◆ **Problem to solve**
Repeat exactly the lines below, from the line containing "This Item is" through the last line, both included. Leave out any pictures.

◆ **Source material**
+ + +

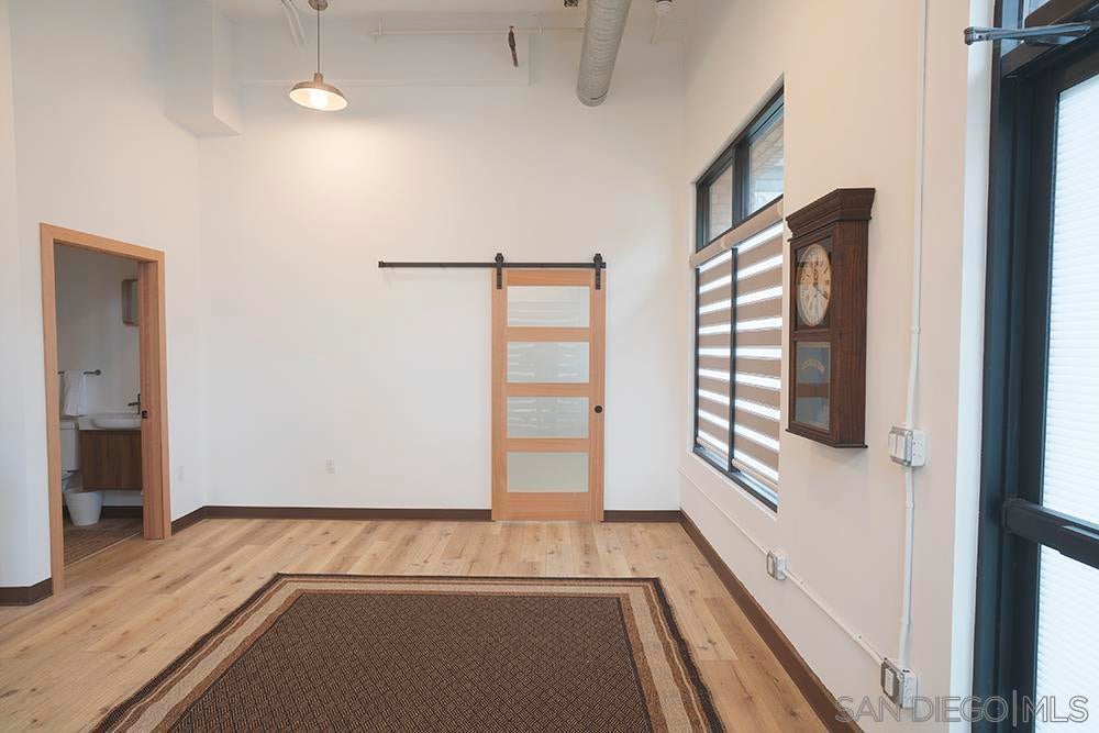 Variance granted condominium. Come savor the breezes of Oceanside's coastal lifestyle! This brand-new, unique live/work condominium offers exceptional flexibility with approved residential and retail use. It's ideal for owner-users, entrepreneurs or even investors. This 1 bedroom and 1.5 bath unit is highlighted by dramatic 15-foot ceilings and a modern storefront style industrial design. Interior is finished with luxury plank flooring, designer Bali "zebra" shades, and a sleek, contemporary aesthetic throughout. The kitchen is fully outfitted with all-new Samsung stainless electric appliances, including a counter-depth French door refrigerator, slide-in range/oven, and advanced microwave. Additional upgrades include shaker cabinetry, quartz countertop, and a new in-unit washer/dryer. Building features include fire sprinklers, central alarm system, and two exclusive parking spaces. Located in a prime Oceanside location, the condo is approx. 1 mile to Camp Pendleton's San Luis Rey gate and directly adjacent to San Luis Rey River. Seller financing available for qualified buyers. Buyer is required to purchase an annual Business License with the City of Oceanside currently $53.00. Photos are of sold staged unit.
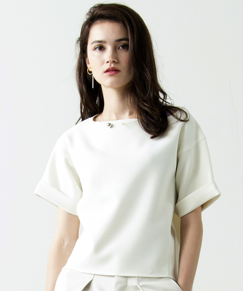 This Item is Made in AKITA. 高密度に編みこまれたハリのある素材感が特徴のTOPS。 ゆるめのちょっとルーズなシルエットがこなれた印象です。 ベースはシンプルなデザインですが、カットオフやシーム線などの細部のポイントにこだわり、一枚で着ても洗練されたスタイルに。 また、見た目以上に軽く、ストレッチの効いた素材を使用しているので楽に着用頂けます。 少しだけ着丈を短めにとっているので、ワイドパンツやガウチョ等とも好相性です。
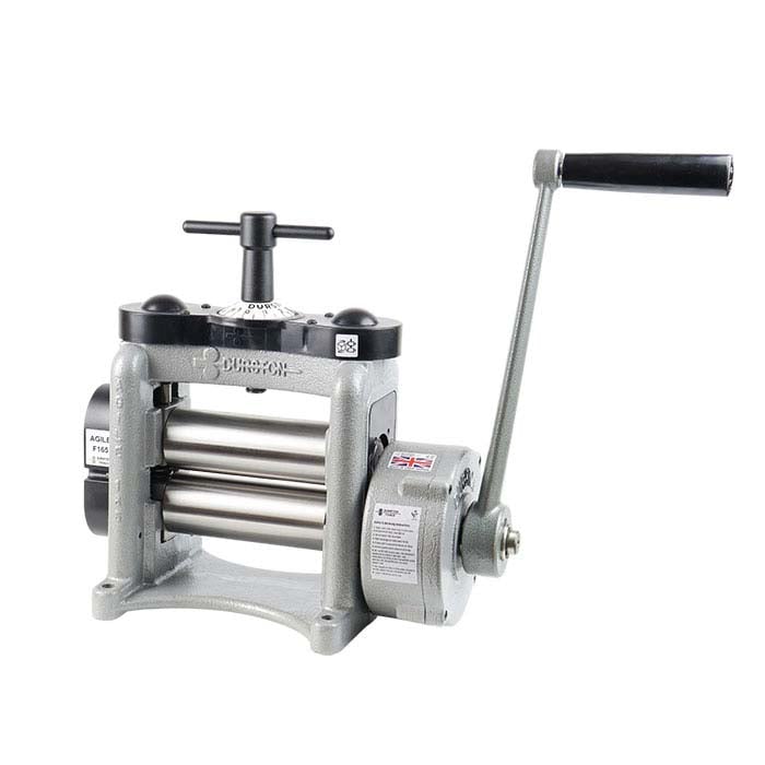 Byggd med Durstons prisbelönta design och ingenjörsexpertis, låter Durston Agile F165 valsverket dig gradvis minska plåttjockleken till exakt den kaliber du behöver för ditt metallformningsarbete. Du kan också använda mönsterplåtar för att prägla plåten för mer detaljerade och komplexa mönster. De plana rullarna på valsverket är generösa 165 mm (6,5”). Agile Design Durston är världens främsta tillverkare av valsverk; de är kända för pålitlighet och robust konstruktion med högkvalitativa metallväxlar och rullar för en livslängd av service. Detta Durston Agile F165 valsverk har några små designändringar som gör detta lättare och mer prisvärda valsverk tillgängligt för varje juvelerare utan att kompromissa med någon driftseffektivitet eller kvalitet som du förväntar dig av ett Durston valsverk.
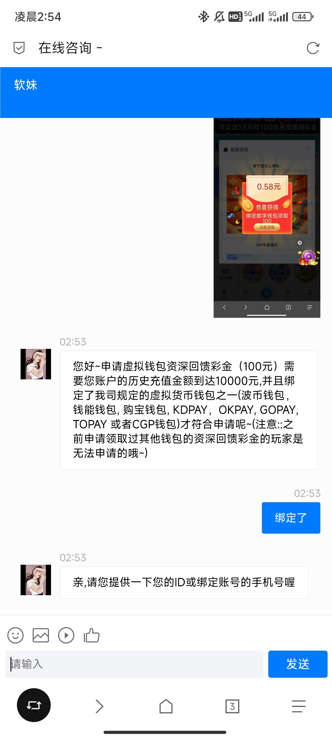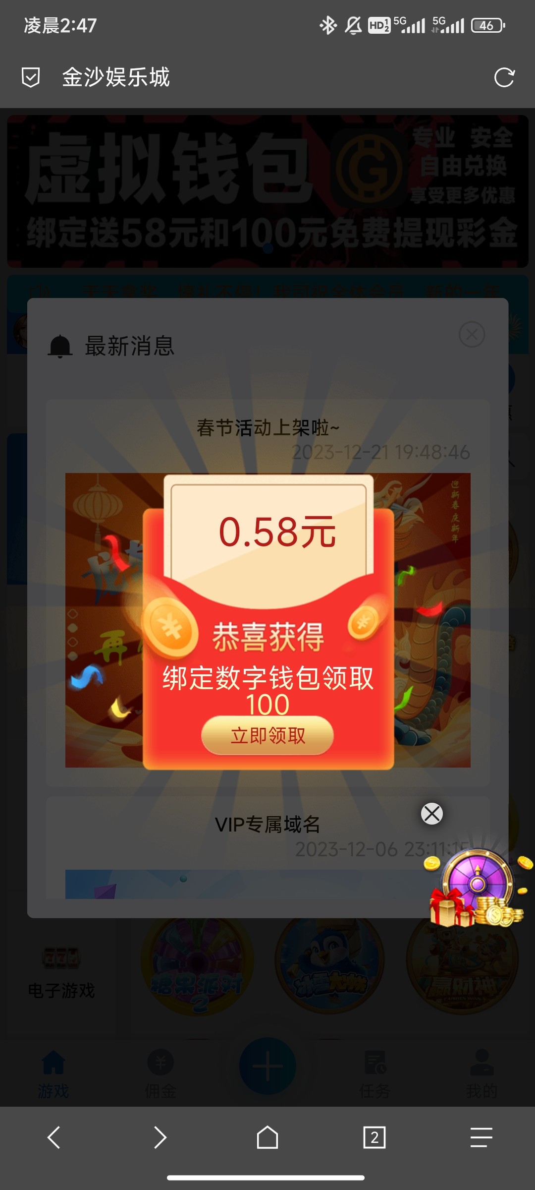 以前充过1000+的绑定钱包领取58

+ + +

◆ **Answer section**
 This Item is Made in AKITA. 高密度に編みこまれたハリのある素材感が特徴のTOPS。 ゆるめのちょっとルーズなシルエットがこなれた印象です。 ベースはシンプルなデザインですが、カットオフやシーム線などの細部のポイントにこだわり、一枚で着ても洗練されたスタイルに。 また、見た目以上に軽く、ストレッチの効いた素材を使用しているので楽に着用頂けます。 少しだけ着丈を短めにとっているので、ワイドパンツやガウチョ等とも好相性です。
 Byggd med Durstons prisbelönta design och ingenjörsexpertis, låter Durston Agile F165 valsverket dig gradvis minska plåttjockleken till exakt den kaliber du behöver för ditt metallformningsarbete. Du kan också använda mönsterplåtar för att prägla plåten för mer detaljerade och komplexa mönster. De plana rullarna på valsverket är generösa 165 mm (6,5”). Agile Design Durston är världens främsta tillverkare av valsverk; de är kända för pålitlighet och robust konstruktion med högkvalitativa metallväxlar och rullar för en livslängd av service. Detta Durston Agile F165 valsverk har några små designändringar som gör detta lättare och mer prisvärda valsverk tillgängligt för varje juvelerare utan att kompromissa med någon driftseffektivitet eller kvalitet som du förväntar dig av ett Durston valsverk.
 以前充过1000+的绑定钱包领取58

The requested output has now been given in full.